Writing a custom GMSL2 camera driver for Jetson goes beyond what the sensor driver documentation covers. The GMSL2 transport layer adds serializer and deserializer drivers to the subdev chain, virtual channel configuration, and link training sequences that need to complete before the sensor sees any I2C traffic. This post covers the full custom driver structure.

Key Insights

  • Custom GMSL2 sensor drivers for Jetson use the tegra-camera-platform framework — not raw V4L2 subdev ops
  • You almost never write SerDes drivers from scratch — the MAX9295A/MAX9296A drivers already exist in L4T
  • The sensor mode table in the DTS is as important as the driver code — wrong mode table means wrong MIPI timing
  • The minimum viable driver is: power on/off, one hard-coded mode, streaming start/stop
  • Test the SerDes chain first with an existing reference sensor before swapping in your custom sensor

What “custom GMSL2 driver” actually means

When teams say they need to write a custom GMSL2 driver, they usually mean one of three things:

  1. A new sensor driver for a camera sensor that NVIDIA does not have in L4T (non-reference IMX variant, custom ISP, OmniVision sensor not in NVIDIA’s supported list)
  2. A modified SerDes driver because their hardware uses a different register initialization sequence than NVIDIA’s reference design
  3. A combined driver for a vertically integrated camera module where sensor and serializer are a single unit

In most cases it is option 1. The MAX9295A and MAX9296A drivers that NVIDIA ships in L4T handle the SerDes side correctly for standard configurations. The custom work is the sensor driver — the code that programs the specific image sensor registers, manages the sensor power sequence, and describes the sensor’s operating modes.

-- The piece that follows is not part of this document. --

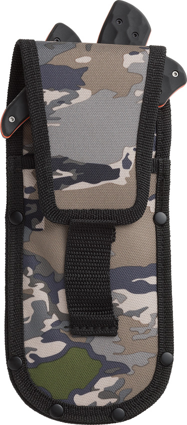 Black coated stainless blade. Black and orange TPR handle. Full tang. Includes: 8″ overall caping with 3.5″ blade; 8.75″ overall skinner with 3.75″ blade; 7.75″ overall saw with 5.25″ blade. Camo nylon belt sheath. Boxed.

The tegra-camera-platform sensor driver framework

Jetson sensor drivers do not implement raw V4L2 subdev ops. They implement tegra_cam_platform_sensor_ops which wraps V4L2 and adds Jetson-specific extensions.

The minimum required ops:

static struct tegra_cam_platform_sensor_ops sensor_ops = {
    .numfmts       = ARRAY_SIZE(sensor_fmts),
    .fmts          = sensor_fmts,
    .numframerates = ARRAY_SIZE(sensor_framerates),
    .framerates    = sensor_framerates,
    .s_power       = sensor_s_power,
    .s_stream      = sensor_s_stream,
    .g_frame_interval = sensor_g_frame_interval,
    .s_frame_interval = sensor_s_frame_interval,
    .set_mode      = sensor_set_mode,
    .g_sensor_mode_id = sensor_g_mode_id,
};

The framework calls set_mode before s_stream. Your set_mode implementation writes the sensor register table for the selected mode. Your s_stream implementation sends the streaming enable/disable command to the sensor.

The sensor mode table

The mode table is where MIPI timing is defined. It lives in the device tree, not in the driver code. The framework reads it during probe and makes it available through V4L2 controls.

sensor_modes {
    mode0 {    /* 1920x1080 @ 30fps, 4-lane MIPI */
        mclk_khz            = "37125";
        num_lanes           = "4";
        tegra_sinterface    = "serial_a";
        vc_id               = "0";
        discontinuous_clk   = "no";
        dpcm_enable         = "false";
        cil_settletime      = "0";
        active_w            = "1920";
        active_h            = "1080";
        mode_type           = "bayer";
        pixel_phase         = "rggb";
        csi_pixel_bit_depth = "12";
        readout_orientation = "0";
        line_length         = "2200";
        inherent_gain       = "1";
        mclk_multiplier     = "20.25";
        pix_clk_hz          = "750750000";
        min_gain_val        = "1";
        max_gain_val        = "16";
        min_hdr_ratio       = "1";
        max_hdr_ratio       = "64";
        min_framerate       = "1.462151";
        max_framerate       = "30";
        min_exp_time        = "13";
        max_exp_time        = "683709";
        embedded_metadata_height = "1";
    };
};

Getting the pix_clk_hz, line_length, and mclk_multiplier values wrong produces subtle failures — the sensor streams but at the wrong frame rate, or the MIPI timing is slightly off causing intermittent uncorr_err. Cross-reference these values against your sensor’s datasheet register tables for the specific operating mode.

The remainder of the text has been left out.